Saturday, September 17, 2011

Some TSA Honolulu International Airport Employees Escape Firing In Baggage Scandal. Transportation Security Administration Announces Final Outcome Of Discipline.

HONOLULU -- A few of the Transportation Security Administration employees at Honolulu International Airport -- whom the agency initially tried to fire in a baggage-checking scandal -- have been allowed to keep their jobs.

The TSA released results Friday afternoon of discipline from the probe that KITV 4 News first reported in March.

In June, the TSA took steps to fire 36 employees, including six managers, after an investigation found some TSA screeners at Honolulu Airport did not properly screen checked baggage for explosives. The TSA also began the process of suspending 12 other employees.

Friday, the TSA announced it has completed the adjudication process for almost all those 48 employees.

Sources said "a few" of the 36 people targeted for firing had their terminations downgraded to suspensions, after an initial appeal.

Sources told KITV 4 News two of those keeping their jobs instead of being fired are screening supervisors, and a third person who was reinstated was a lead screener.

The TSA said of those initially fired, three people either resigned or retired.

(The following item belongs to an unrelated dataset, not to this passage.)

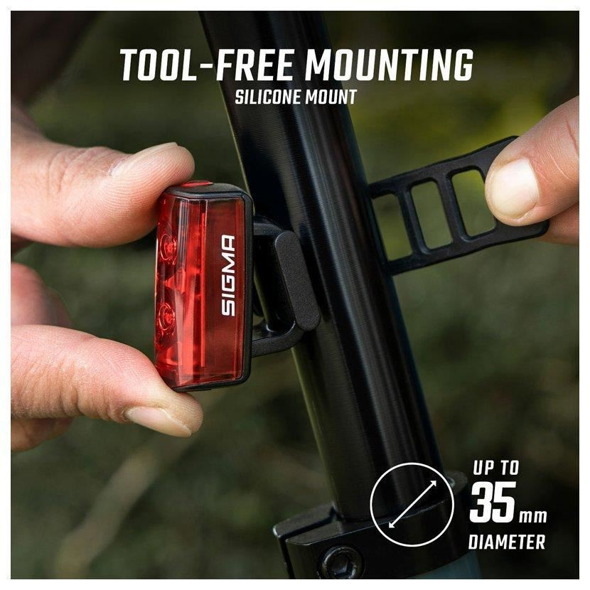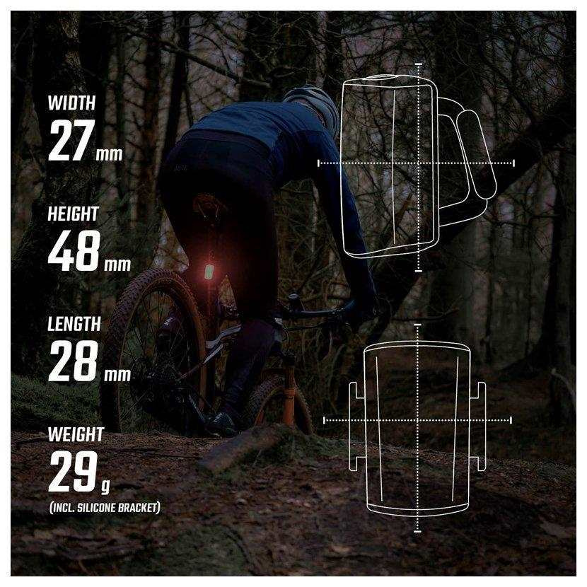 Světlo se zapíná dvojitým stisknutím. Velké tlačítko zapnutí lze snadno ovládat i v rukavicích. Tato funkce zajistí, že zadní světlo lze bez problémů schovat do kapsy dresu nebo do batohu, aniž by se nedopatřením rozsvítilo.

In the end, 28 employees lost their jobs and 15 others were suspended, a TSA spokesman said.

They still have the right to appeal the decisions by suing in court.

A TSA spokesman declined to comment further because department policy forbids the TSA from discussing details of personnel cases.

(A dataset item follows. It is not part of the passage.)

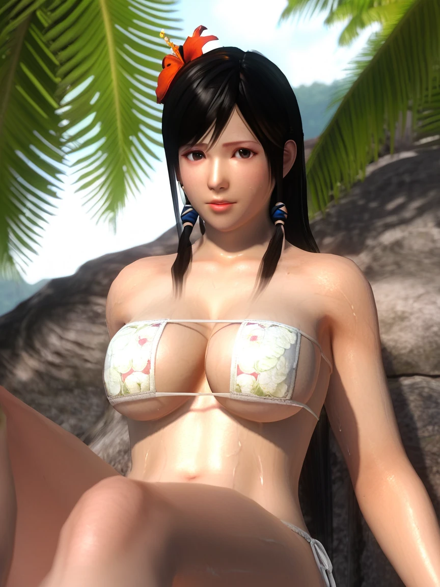 Kokoro - kokoro, black hair, long hair,hair flower, hibiscus, black eyes, big breasts

One of those whose firing was upheld by the TSA was Raymond Ware, a former screening manager who spoke to KITV 4 News last month.

"I believe that the firing was unfair. It was done en masse, instead of individualistically," Ware told KITV Aug. 19.

Ware said he never saw TSA screeners failing to screen checked bags for explosives at HNL.

"Whenever I walked around, the officers followed total protocol," Ware said last month.

Daphne Barbee-Wooten, Ware's attorney, said Friday she will file suit against the TSA to try to get Ware’s job back.

It will be the second time Ware has taken the TSA to court to get reinstated.

Ware, who is black, sued the agency for racial discrimination in 2003 after being fired from TSA Honolulu as a supervisor.

Five years later, a federal judge ruled in his favor, ordering the TSA to rehire him, promote him to manager and give him back pay and interest of nearly $500,000.